Остановил Мамон своего коня, скинул шапку и, опустив ее низехонько, также поклонился, сколько мог ниже, как бы признавая его сатанинское первенство.
Этот, ухмыляясь, слегка приподнял свою и примолвил:
— Люди свои, сочтемся, батюшка Григорий Андреевич!
— Мы сочлись уж, если признаешь мою услугу. Будем говорить душа в душу. Ведь ты начал дело о князе Лукомском и толмаче его {Прим. стр. 47}?
— Видит бог, в угоду Ивану Васильевичу и ради добра земле русской… Литвин подослан своим государем Казимиром {Прим. стр. 47} известь Ивана Васильевича… холоп на него показал… зелье нашли… чего лучше, чтобы придраться к Литве, где пристань держат для всякого, кто только осерчает на нашего господина!
— Пытал я Лукомского и толмача, латынщика Матифаса… не признались! Призывал баб лихих, давал лизать зелье, одной всыпал насильно добрую задачу в горло, давал в хлебе собаке: ни баба, ни собака не околели.
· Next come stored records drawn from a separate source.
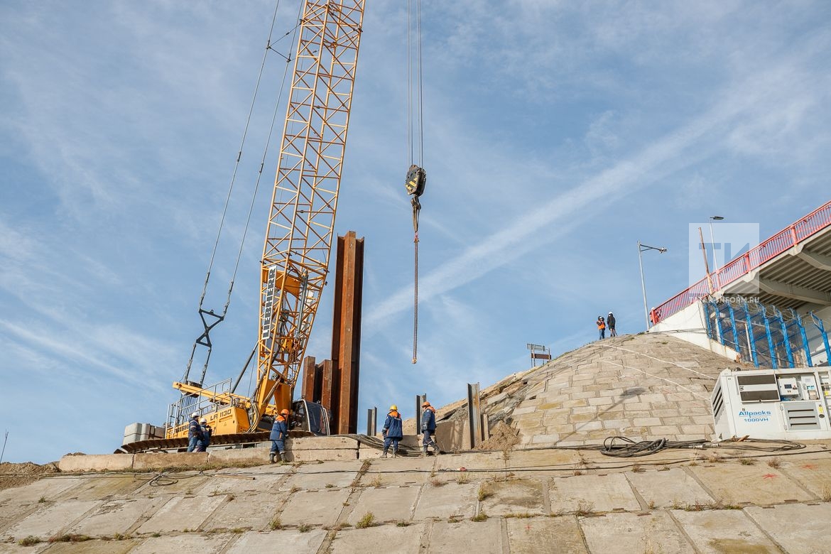 В частности, в настоящее идут работы по забивке шпунтового ограждения для сооружения первой и четвертой опор будущего моста. Шпунтовое ограждение представляет собой прочную искусственную стену, которая позволяет защитить насыпь от воды, особенно в условиях производства работ ниже нулевого уровня грунта. Затем мостовики приступят к устройству буронабивных свай. На текущий год запланирован небольшой объем работ – установка опор № 1 и 4 второго моста через реку Свияга. Всего специалистам предстоит построить пять опор.
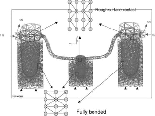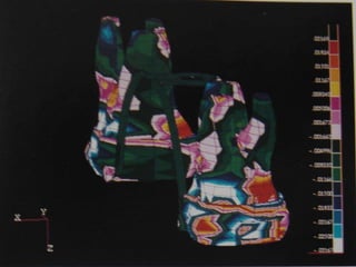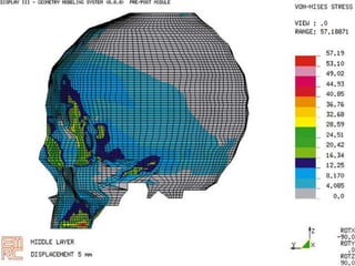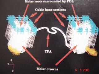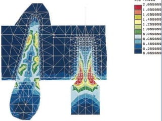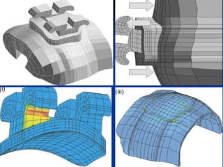 Finite Element Analysis (FEA) was developed in the 1960s to solve aerospace structural problems. It has since been introduced to orthodontics and other dental fields. FEA involves dividing a complex problem into smaller, simpler elements and using shape functions to interpolate variables. Each element is assigned material properties. The computer program then calculates element stiffness, solves matrix equations, and outputs displacement, stress, and other results. FEA allows modeling of complex biological structures like teeth and bone. It has provided insights into stress distributions and tooth movement from various orthodontic appliances and mechanics.
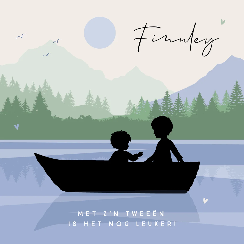 Is er een klein broertje op komst? Ga voor dit silhouet geboortekaartje met twee broertjes in een bootje. De twee kindjes varen in een roeibootje over een meer tussen de bergen en bomen. De kleuren kun je zelf wijzigen in onze handige editor.
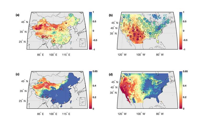 图1 蒸散发-土壤水耦合强度(a-b;∆𝐶𝑜𝑟𝑟>0时代表蒸散发受能量限制,反之受水分控制,同时∆𝐶𝑜𝑟𝑟绝对值越大,蒸散发-土壤水耦合强度越高)和干燥度指数AI(c-d)在两个研究区域的空间分布图。图中字母为研究中选取分析样本的标注。
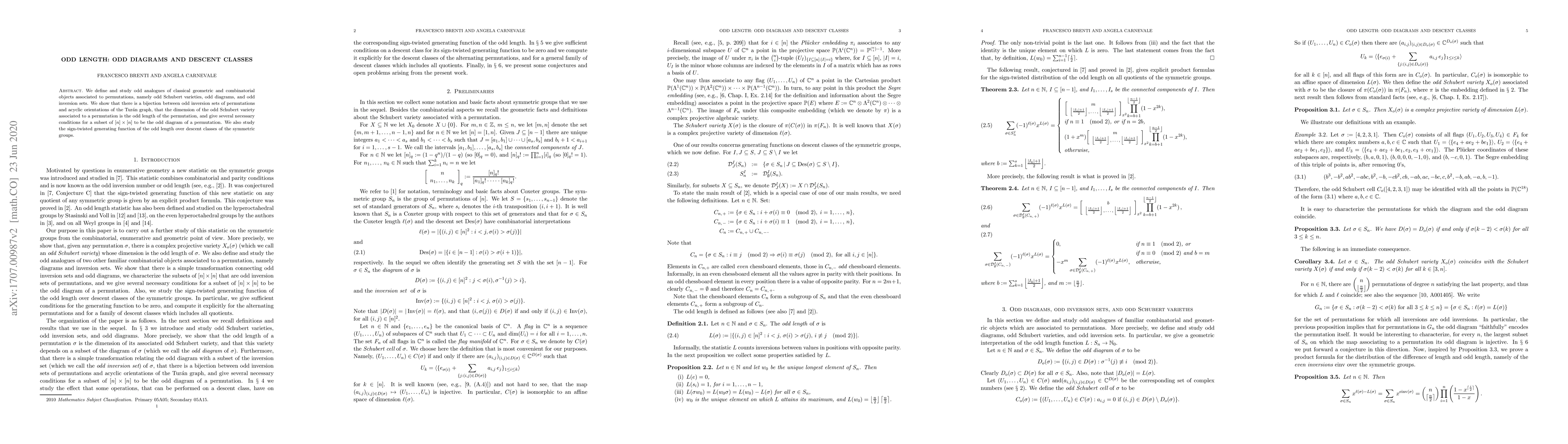 This paper studies odd analogues of classical geometric and combinatorial objects associated with permutations, establishing a bijection between odd inversion sets and acyclic orientations of the Turan graph and finding necessary conditions for an odd diagram to exist.
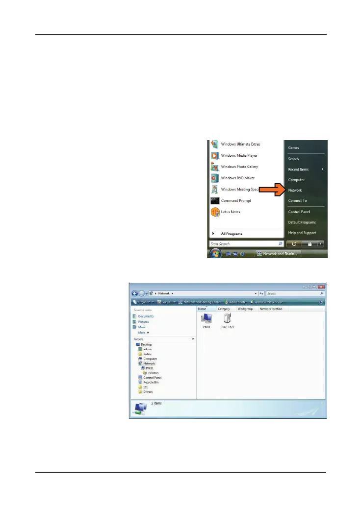 1. Pada PC anda buka menu Windows®. Klik “Network”
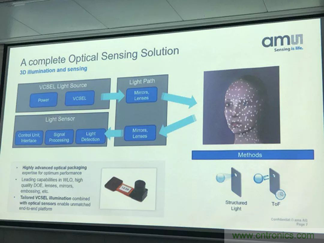 收購案例#2:艾邁斯半導體曾收購一家在做面部識別軟件方面特別強的企業(yè)KeyLemon,這家公司已有7年的歷史了,具備領先的3D人臉識別知識產(chǎn)權庫。同時,他們的軟件現(xiàn)在已經(jīng)能在安卓系統(tǒng)中運行了。因此,艾邁斯半導體可以在消費類應用中提供可用于3D感應的軟件+硬件解決方案。“我們本身的傳感優(yōu)勢,加上收購企業(yè)的技術,我們便可提供世界一流的完整解決方案。除了VCSEL之外,還有TOF(飛行時間)和結構光等,可以通過我們的傳感技術整合成一個完整的解決方案。” Everke指出。
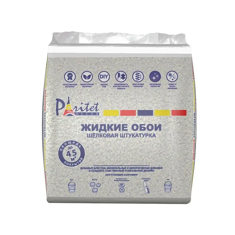 Время Просушки 72 часа Название бренда Paritet Происхождение Россия Вид материала 1 Жидкие обои Структура поверхности мелкорельефная Вид материала 2 Декоративная штукатурка Особенность Легкое нанесениевнешний вид товара
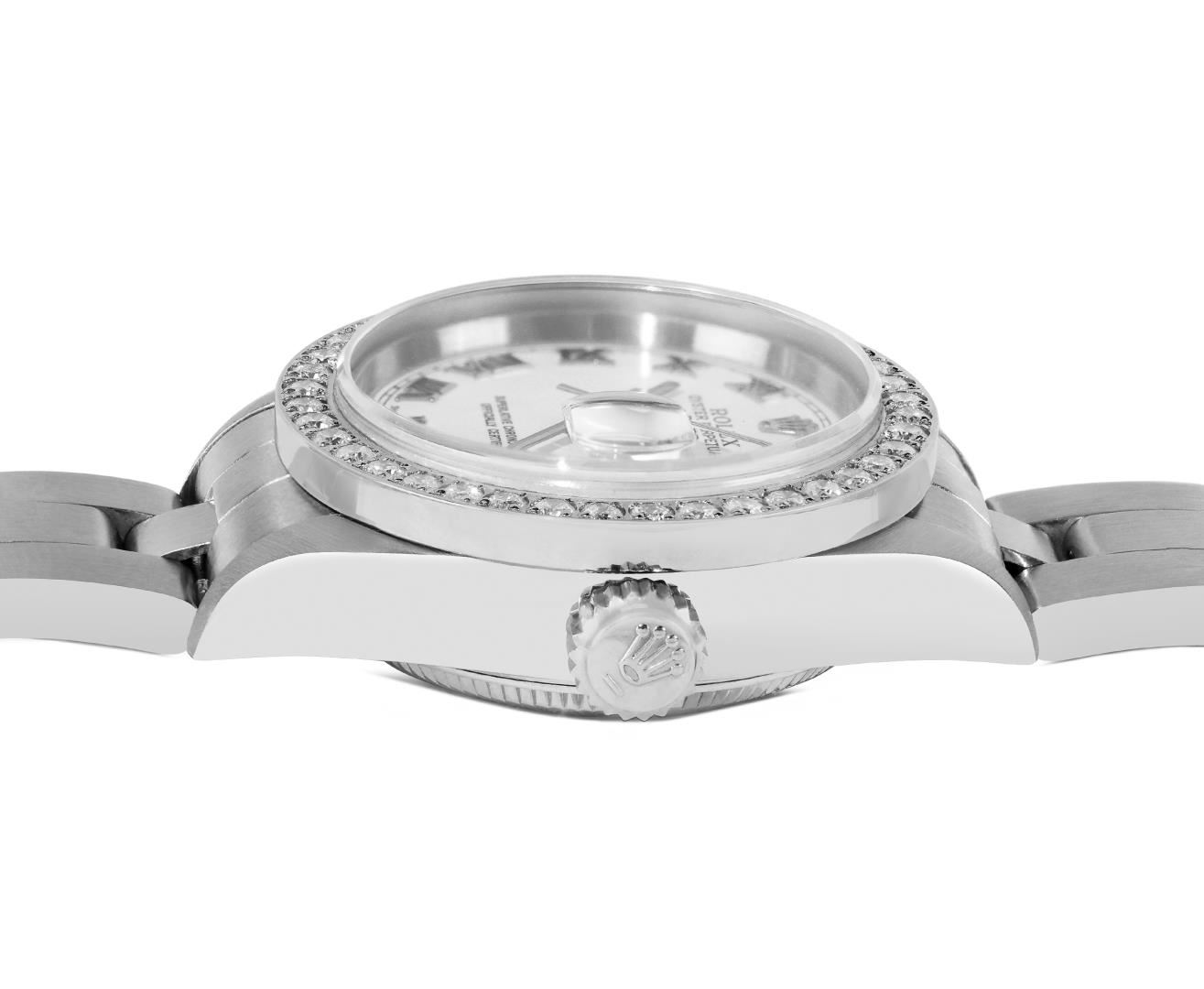 One Rolex Ladies Quickset Pre Owned Stainless Steel Date Wristwatch Polished Bright with Satin Finish, Serviced & Electronically Tested, Stainless Steel Case: 26mm, Stainless Steel Crown, Custom Bezel: New Stainless Steel Beadset Diamond Bezel, Diamond Count: 40 Diamonds On Bezel. Custom Crystal: New Sapphire With Magnified Date Window. Custom Hands: New Solid Hands. Rolex Movement: 2235 Automatic Winding Movement. Rolex Dial: Factory White With Roman Hour Markers, Square Track. Date Window: 3 O'Clock Position Date Display, Model: Quickset Sapphire Date. Condition: G-6 Extra Fine. Rolex Bracelet: Stainless Steel Jubilee Band. Bright Polish & Satin Finish. 6.0 Inch Length, Adjustable. Standard Clasp, With Rolex Logo. This Watch Has Been Serviced And Time Tested. It Is In Excellent Condition, Free Of All Scratches And Dents.
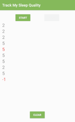 Màn hình đầu tiên (xuất hiện ở bên trái) có các nút để bắt đầu và dừng theo dõi. Màn hình này cũng cho thấy tất cả dữ liệu về giấc ngủ của người dùng. Nút Xoá sẽ xoá vĩnh viễn tất cả dữ liệu mà ứng dụng đã thu thập cho người dùng. Màn hình thứ hai (ở bên phải) là màn hình chọn mức đánh giá chất lượng giấc ngủ.
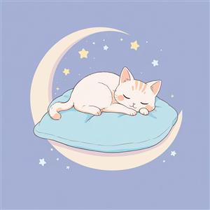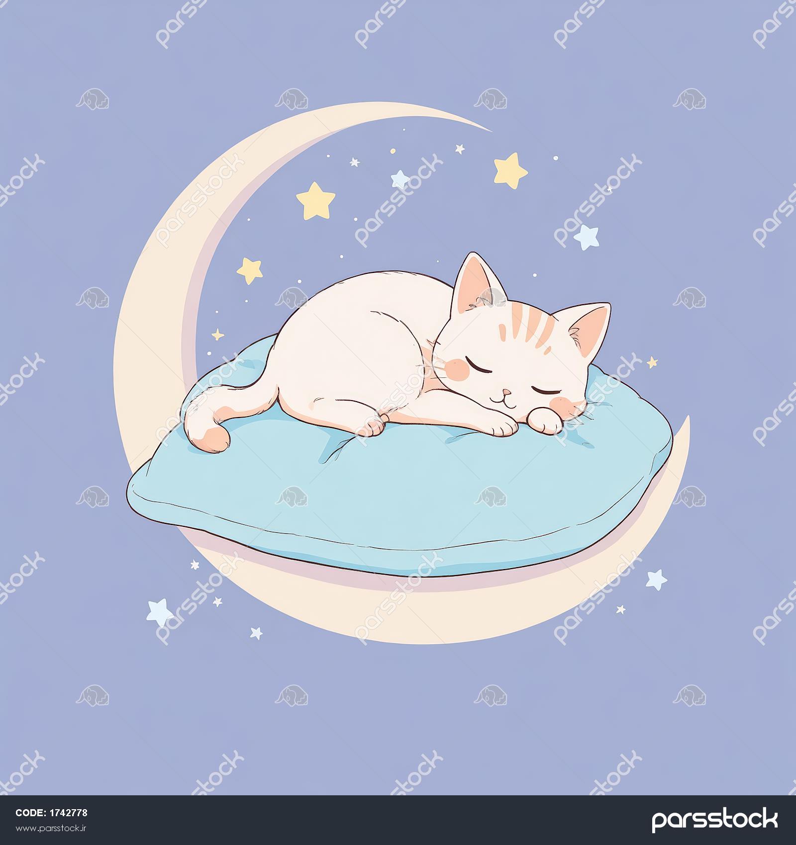 نقاشی دیجیتال گربه ناز در آغوش ماه و ستاره‌ها، خوابیده روی بالشت آبی
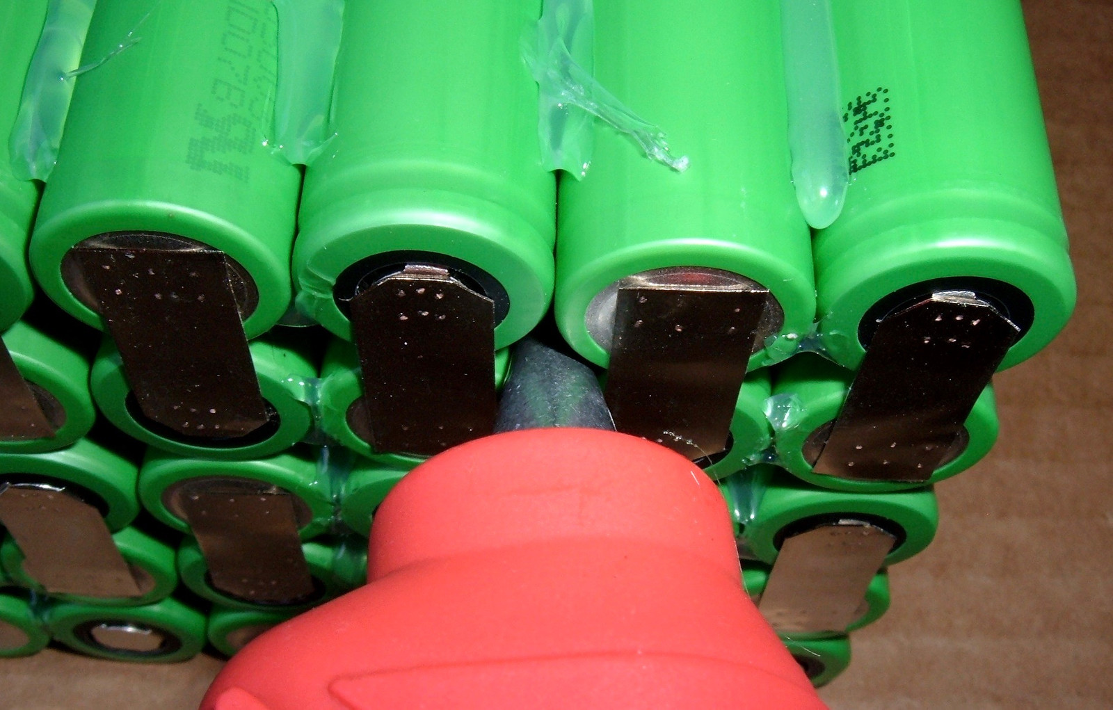 You’ll notice that I haven’t welded any of the 1x5 modules together yet. There’s a good reason why, and it’s the hot glue gun. To put the pack together, I have to run the hot glue nozzle into the gaps between the cells - I’m not just gluing at the edges, but for all the interior junctions as well. Were the pack welded up fully, the following would be disturbingly close to a short (this wouldn’t actually be, because it’s between 2x5 modules, which wouldn’t be wired together, but if I miscount or need to touch up a 2x5 module glue job, I’d run a good risk of shorting the pack).
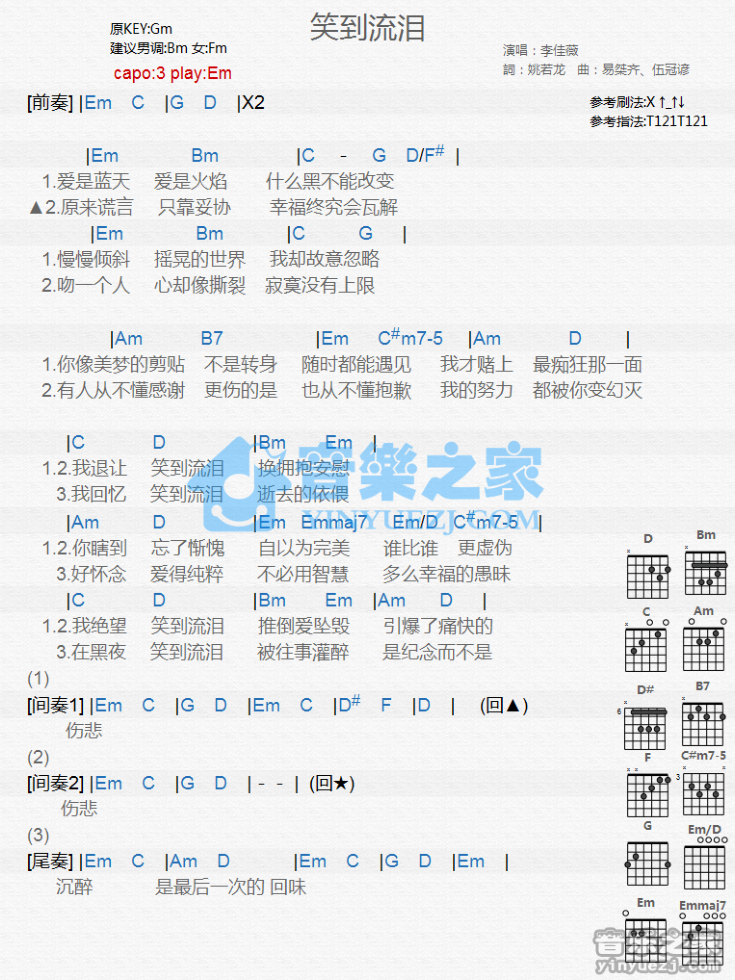 曲谱介绍: Em调版《笑到流泪》吉他和弦弹唱谱
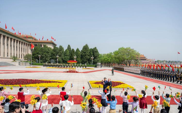 4月23日上午,国家主席习近平在北京人民大会堂同来华进行国事访问的阿塞拜疆总统阿利耶夫举行会谈。这是会谈前,习近平在人民大会堂东门外广场为阿利耶夫举行欢迎仪式。
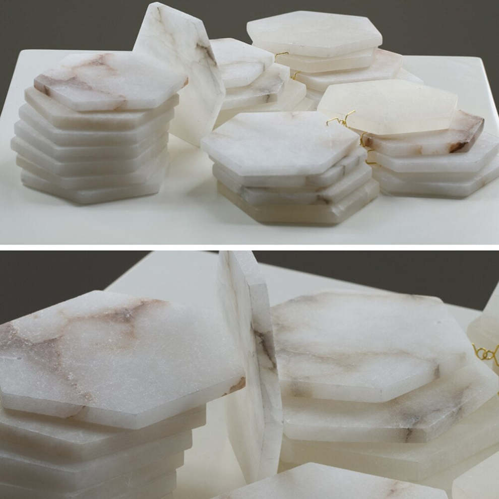 The material of alabaster is Metal & Alabaster, this series is a simple design with a modern style, its stylish style highlights its beauty and makes it give a warm and natural feeling while ensuring the light effect Feel.
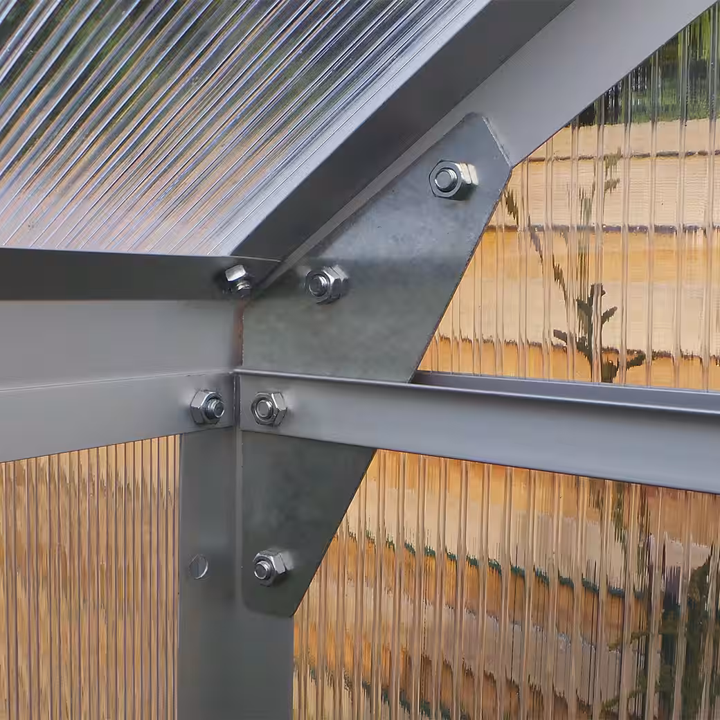 The greenhouse’s structural strength is reinforced by robust corner connectors and included diagonal braces. Furthermore, the UV-resistant polycarbonate sheets protect your plants from harmful sun rays. A foundation, included in the delivery, simplifies installation and further contributes to the greenhouse’s stability. Invest in a durable and practical solution for your garden that not only optimizes the cultivation of your plants but also provides protection and comfort all year round.

— Ну что ж после, родной?.. — спросил Русалка со страхом.
— После?.. Для тебя… от одной маковой крупинки разорвало ту же собаку! Все скрепил золотой петлей! Не бойся, тебя во лжецы не поставлю, Михайло Яковлевич!
В свою очередь, дворецкий снял исщипанную шапку и, низко поклонясь, примолвил:
— Сам господь заплатит тебе!
— Полно, не греши, Михайло! Свои люди, сочтемся. Услужи мне только Образцом.
Дворецкий показал с чувством на церковь Спаса, к которой они подъезжали. Вышки великокняжеских хоромин выглядывали уж из-за нее. Чтобы не подозревали в них какого сговора, они поехали, один по набережной Кремля, другой — к Никольским воротам. Расставание их было только до великокняжеского двора, где они должны были свидеться.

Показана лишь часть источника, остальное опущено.